* [What is being asked]
Report the number of lines in these entries that contain "between". Write only the number.

* [Records for this task]
★ ★ ★ ★
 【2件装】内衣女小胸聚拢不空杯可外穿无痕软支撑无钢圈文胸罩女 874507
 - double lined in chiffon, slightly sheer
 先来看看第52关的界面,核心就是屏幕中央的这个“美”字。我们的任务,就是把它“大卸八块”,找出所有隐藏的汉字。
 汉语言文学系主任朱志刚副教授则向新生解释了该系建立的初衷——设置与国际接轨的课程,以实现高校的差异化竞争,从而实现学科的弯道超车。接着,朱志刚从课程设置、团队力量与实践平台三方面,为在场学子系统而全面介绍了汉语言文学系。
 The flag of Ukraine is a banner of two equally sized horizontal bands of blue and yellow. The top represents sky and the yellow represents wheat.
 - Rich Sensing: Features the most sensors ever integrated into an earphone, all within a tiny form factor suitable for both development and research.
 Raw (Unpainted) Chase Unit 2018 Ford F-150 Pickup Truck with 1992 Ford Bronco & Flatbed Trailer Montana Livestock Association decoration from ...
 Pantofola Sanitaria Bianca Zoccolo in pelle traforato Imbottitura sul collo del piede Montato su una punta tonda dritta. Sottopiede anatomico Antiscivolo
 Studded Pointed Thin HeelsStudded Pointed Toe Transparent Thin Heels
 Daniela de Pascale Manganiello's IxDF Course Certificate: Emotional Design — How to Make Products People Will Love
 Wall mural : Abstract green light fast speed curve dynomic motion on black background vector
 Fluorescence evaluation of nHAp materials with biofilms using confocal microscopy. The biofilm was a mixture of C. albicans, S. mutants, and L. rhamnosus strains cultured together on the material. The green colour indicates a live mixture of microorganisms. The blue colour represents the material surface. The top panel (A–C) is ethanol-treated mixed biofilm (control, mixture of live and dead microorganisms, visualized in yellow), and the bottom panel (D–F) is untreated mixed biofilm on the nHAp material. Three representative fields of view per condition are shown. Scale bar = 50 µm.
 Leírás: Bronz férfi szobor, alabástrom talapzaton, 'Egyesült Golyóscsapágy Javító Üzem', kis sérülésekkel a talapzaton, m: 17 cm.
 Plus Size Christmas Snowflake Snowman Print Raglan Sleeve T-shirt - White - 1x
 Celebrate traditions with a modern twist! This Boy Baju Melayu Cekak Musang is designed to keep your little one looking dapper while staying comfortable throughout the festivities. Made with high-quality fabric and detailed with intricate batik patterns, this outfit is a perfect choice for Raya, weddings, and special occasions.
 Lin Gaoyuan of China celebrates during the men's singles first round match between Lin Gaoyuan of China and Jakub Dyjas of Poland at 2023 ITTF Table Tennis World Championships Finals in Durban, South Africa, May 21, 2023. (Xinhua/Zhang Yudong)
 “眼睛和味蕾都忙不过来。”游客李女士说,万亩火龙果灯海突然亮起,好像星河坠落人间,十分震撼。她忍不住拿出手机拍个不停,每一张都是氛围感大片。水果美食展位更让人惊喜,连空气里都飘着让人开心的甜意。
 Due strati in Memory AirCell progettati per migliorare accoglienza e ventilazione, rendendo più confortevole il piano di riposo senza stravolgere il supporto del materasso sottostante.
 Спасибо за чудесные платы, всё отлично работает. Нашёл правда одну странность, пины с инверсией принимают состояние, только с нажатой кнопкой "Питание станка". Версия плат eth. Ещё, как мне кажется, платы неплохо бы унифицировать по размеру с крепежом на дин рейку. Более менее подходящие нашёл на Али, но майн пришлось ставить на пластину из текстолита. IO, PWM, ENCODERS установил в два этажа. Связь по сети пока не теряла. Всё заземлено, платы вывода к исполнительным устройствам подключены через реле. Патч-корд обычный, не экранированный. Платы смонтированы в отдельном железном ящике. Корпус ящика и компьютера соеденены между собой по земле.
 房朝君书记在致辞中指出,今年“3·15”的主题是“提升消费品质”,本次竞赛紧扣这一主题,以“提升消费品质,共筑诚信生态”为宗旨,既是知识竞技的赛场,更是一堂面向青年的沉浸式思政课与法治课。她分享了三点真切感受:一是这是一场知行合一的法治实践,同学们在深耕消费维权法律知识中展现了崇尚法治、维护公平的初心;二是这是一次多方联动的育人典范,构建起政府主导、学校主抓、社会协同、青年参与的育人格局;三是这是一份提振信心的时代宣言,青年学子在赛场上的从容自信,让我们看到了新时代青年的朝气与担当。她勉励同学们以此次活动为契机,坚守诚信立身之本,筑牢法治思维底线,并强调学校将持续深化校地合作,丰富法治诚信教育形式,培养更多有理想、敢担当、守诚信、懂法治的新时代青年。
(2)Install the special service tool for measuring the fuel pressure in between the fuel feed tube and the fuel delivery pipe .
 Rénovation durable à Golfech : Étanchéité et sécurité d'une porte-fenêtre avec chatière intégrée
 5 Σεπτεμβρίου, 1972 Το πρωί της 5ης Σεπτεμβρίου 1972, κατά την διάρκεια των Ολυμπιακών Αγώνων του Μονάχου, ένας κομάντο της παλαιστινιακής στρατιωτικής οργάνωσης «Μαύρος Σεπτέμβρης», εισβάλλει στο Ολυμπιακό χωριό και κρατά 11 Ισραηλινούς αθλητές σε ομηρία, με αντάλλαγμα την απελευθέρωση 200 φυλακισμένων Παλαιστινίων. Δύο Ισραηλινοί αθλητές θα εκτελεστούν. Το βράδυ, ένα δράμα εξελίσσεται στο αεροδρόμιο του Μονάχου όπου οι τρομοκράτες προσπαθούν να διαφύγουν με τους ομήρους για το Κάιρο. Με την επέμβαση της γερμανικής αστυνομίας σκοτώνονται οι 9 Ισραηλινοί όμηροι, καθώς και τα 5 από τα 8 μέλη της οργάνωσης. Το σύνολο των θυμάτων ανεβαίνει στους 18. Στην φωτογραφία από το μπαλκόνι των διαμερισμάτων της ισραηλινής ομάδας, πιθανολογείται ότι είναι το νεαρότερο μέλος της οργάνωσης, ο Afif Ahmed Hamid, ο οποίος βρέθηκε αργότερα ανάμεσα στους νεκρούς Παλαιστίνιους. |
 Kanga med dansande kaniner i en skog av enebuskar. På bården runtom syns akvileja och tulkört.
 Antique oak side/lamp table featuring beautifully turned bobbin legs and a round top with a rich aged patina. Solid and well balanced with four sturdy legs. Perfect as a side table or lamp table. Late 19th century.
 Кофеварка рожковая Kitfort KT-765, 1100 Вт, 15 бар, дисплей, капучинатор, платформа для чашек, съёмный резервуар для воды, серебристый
★ ★ ★ ★
* [Written reply]
2